J&J picks up cancer antibody from Argenx in $500M deal
- Johnson & Johnson's Janssen and Argenx agreed to a deal potentially worth a total of $1.8 billion to develop the smaller biotech's CD70 antibody cusatuzumab in acute myeloid leukemia, myelodysplastic syndromes and other blood cancers, the companies said Monday.

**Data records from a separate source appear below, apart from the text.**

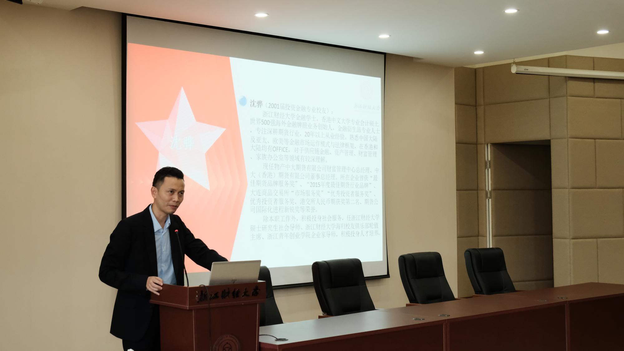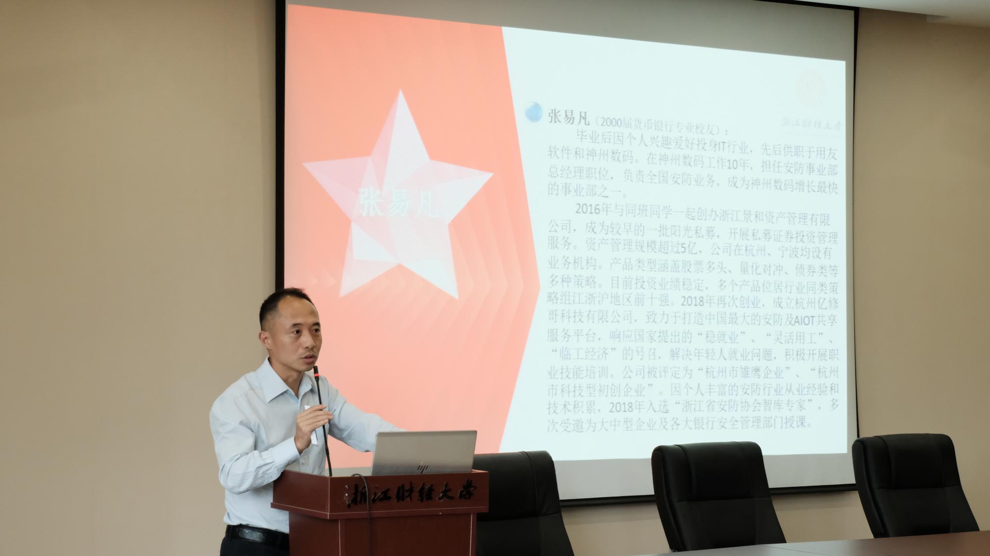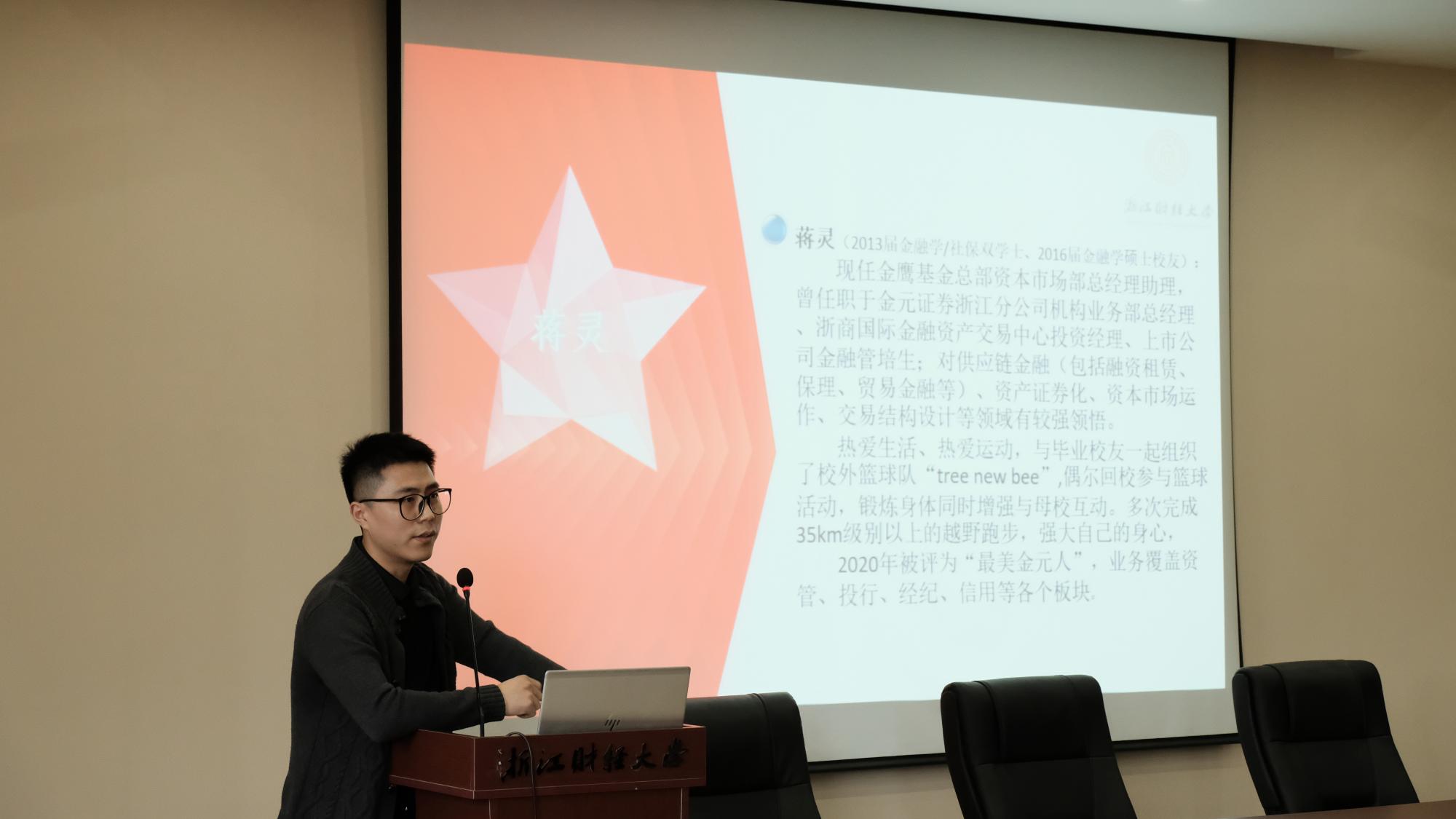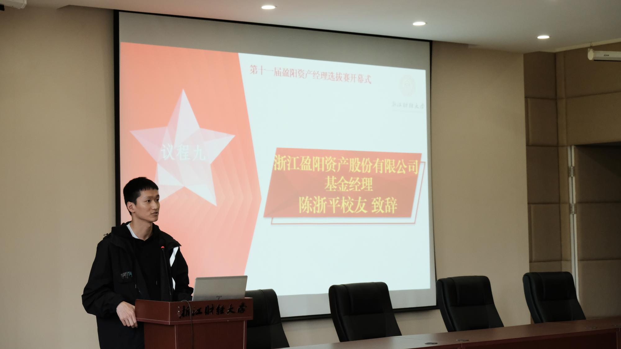 探索股市奥秘,玩转投资风云是许多金融学子的梦想。每年由盈阳资产支持的基金经理选拔赛都会吸引一大波金融学子参与其中。开幕式上,在场师生通过短视频了解了本届比赛的情况。随后,浙江盈阳资产管理股份有限公司基金经理陈浙平校友代表讲话,他向大家简单介绍了基金经理的工作内容,鼓励同学们积极参与比赛,同时预祝同学们取得好的成绩。
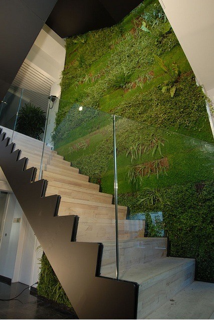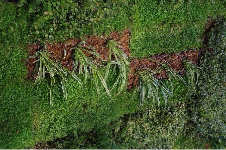 De vegetatie is nagenoeg dekkend bij plaatsing doordat de vegetatie gedurende 6 maanden in hangende positive voorgekweekt werd. Voor dit project werd een mengeling van groenblijvende bodembedekkers en enkele tropische varens en kamerplanten toegepast .
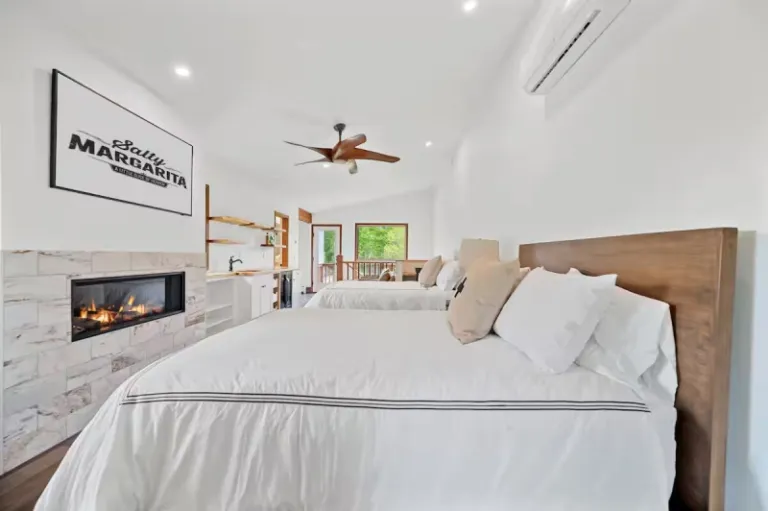 Salty Margarita sits just off Mountain Road and combines luxury with vintage ski-lodge vibes. Every bedroom has its own fireplace, and amenities include a cedar sauna, private hot tub, and game room with arcade games and ping pong. The open-concept living space has large windows that frame the foliage, while cozy touches like plush linens and a well-stocked kitchen elevate your stay.
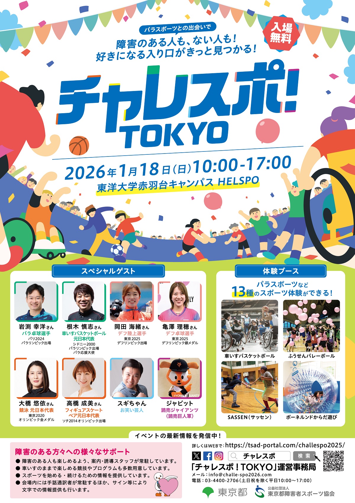 パリ2024パラリンピック卓球日本代表の岩渕 幸洋(いわぶち こうよう)さんや東京2025デフリンピックにも出場したアスリートなど、多くのゲストがステージ企画や競技体験ブースに登場します。お笑い芸人スギちゃんやプロスポーツチームのマスコットも一緒にイベントを盛り上げます。ぜひご来場いただき、パラスポーツの魅力を体感してください。
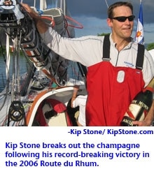 In mid-November, Kip Stone became the first American sailor to win his class in the Route du Rhum, a singlehanded race from St. Malo, France to Guadeloupe. In doing so, Stone broke the class record for the 3,500-mile course by over 18 hours, finishing in 17d:22h:36m. However, Stone says the race, his second solo competition across the Atlantic, didn’t feel much like a record-breaking run. He rarely, if ever, saw the expected trade winds and spent a lot of time bobbing around in little or no breeze. A sudden front on Day 10 shredded one of his headsails, but it was the constant pressure applied by the 25-year-old Frenchwoman Servane Escoffier that provided the most excitement. After building a big lead early in the race, Stone, 45, watched Escoffier chip away at his advantage until she was, at one point, theoretically in the lead. But Stone was able to prevail down the stretch. When we spoke with Stone a few days after his finish, he was already back at work at his screen-printing company Artforms, but dreaming of his next solo adventure.Congratulations on the win. Were you surprised at all by your performance?I was labeled the overwhelming favorite, so in some ways I had everything to lose and nothing to win. In the end, of course, to finish first, first you’ve got to finish. To go 3,500 miles and keep the thing together and push hard, it’s an accomplishment. I’m pleased and I’m happy it’s over; it was a long and hard race.For the 60-foot tris and the Open 60 monohulls, especially the leaders, it was a quick race. But that wasn’t the case for your class, was it?The times for the tris and the Open 60s were stunning. I think it’s fair to say that the further back you were in the race, the worse the winds were. I would characterize this last trip across the Atlantic as very soft. I spent days bobbing around, working hard to make the boat go 1, 2, 3 knots, and very little time at speed-15, 16, 17, 18 knots. On a trip of that length you’d expect more of that. You look at the 40s that finished behind me by days and days. It’s not representative of the relative speeds of the boats.That low speed stuff is sometimes more taxing than the gnarly conditions…For me it is. I like going fast. Sitting around, really just trying to keep the boat inching along, it’s so hard. The pilots don’t work, there’s almost more noise with the boat just rocking around in the middle of the ocean. After a time, it’s just maddening. I had a lot of that, a lot more than I would’ve ever expected. I didn’t see one hour of trade winds the whole trip. Imagine sailing from Europe to the Caribbean without the trade winds. That’s what that race was about.Enough to make people go crazy. But then most people think you’re already crazy.I’m just barely hanging on to my sanity.Being labeled the favorite. Is than an indication of how far you’ve come in this sport over the past few years?I certainly have put my time in the boat. I think I’m close to 50,000 miles now. I don’t know if the word made it out. Most of my time is spent in the office trying to earn money to keep the boat going. So when the last minute they told me I needed to do a 500-mile qualifier, I dropped my crew off in Halifax and sailed solo to the start of the race. I had three solo transatlantics in me before the start of the race. Like any boat, time in the boat is a huge advantage. On top of that I’ve got a very fast boat.You mention the boat. How close are you to maximizing the potential of Artforms?I think for myself personally, sort of the rule of thumb in Open-class sailing is that it’s 50 percent boat and 50 percent sailor. I’d say for me, I keep learning things, but my curve is flattening out. The boat, like any Open-class boat, you can keep throwing money at it and make is faster. I’m self-sponsored so there’s only so much of that I can do. It’s a miracle I’ve got as far as I’ve gotten. There’s room for improvement for sure. Another couple of percent, easy.After this win, your third big win, are you starting to get any interest from sponsors?I’d love to hear from anybody who’s remotely interested in sponsoring this effort. I feel like I’ve learned how to play the game. I’m ready to take the next step up into the 60s. Artforms is for sale. I’m trying to find the person for whom this boat becomes the next opportunity.It seems like the 50-foot class provides a great learning platform.I think so. Certainly for me that’s been my experience. It’s a mini 60. It’s a little bit more forgiving and it’s a lot less expensive but it still lets you get out there and put the pedal down and have the experience of sailing the boat fast offshore.It’s a packed schedule for solo sailors over the next few years. What are your plans?Right now, I’m back in my office, trying to build my business to a level where I could consider campaigning a bigger boat. But it’s a big jump from an Open 50 to an Open 60. In the meantime I’m hopeful that I can find some people or corporations that want to help me shortcut the process. For me, it’s starting to feel like the end of my first ride on this boat. Now of course, if nobody steps up and goes after the records I’ve set, the Bermuda One-Two is coming up again. The Transat Jacques Vabre is just around the corner. Transat is only 18 months away. Those are all super great races. If things were to work out, are you looking at the Barcelona World Race, or the Vendee Globe?I dream about doing those races. But it’s still a jump for me. To get from a 50 to a 60 is a big jump financially. I’ve got a team in place that’s ready to go. I feel like I’ve learned to play the game. I’m gung-ho, so it’s really just a matter of trying to figure out how to make it happen.Take us back to the race you just finished. You got out to an early lead, but it got quite close at the end. What happened?Servane Escoffier, she was doing everything right. I had a nice so

- Janssen will make a $300 million upfront cash payment to Argenx, and a $200 million equity investment will come from J&J's venture arm. Argenx could receive up to $1.3 billion in milestone payments from the deal, which is technically with Cilag, a Swiss subsidiary of Janssen.
- Argenx has the option to keep hold of co-promotion rights in the U.S., and will split royalties 50-50 for this market. In the rest of the world, the biotech will get tiered, double-digit royalties. The deal should close in the first quarter of 2019.
Argenx has taken a somewhat unusual route in immunotherapy; its SIMPLE antibody drug discovery technology is based on antibodies generated from llamas.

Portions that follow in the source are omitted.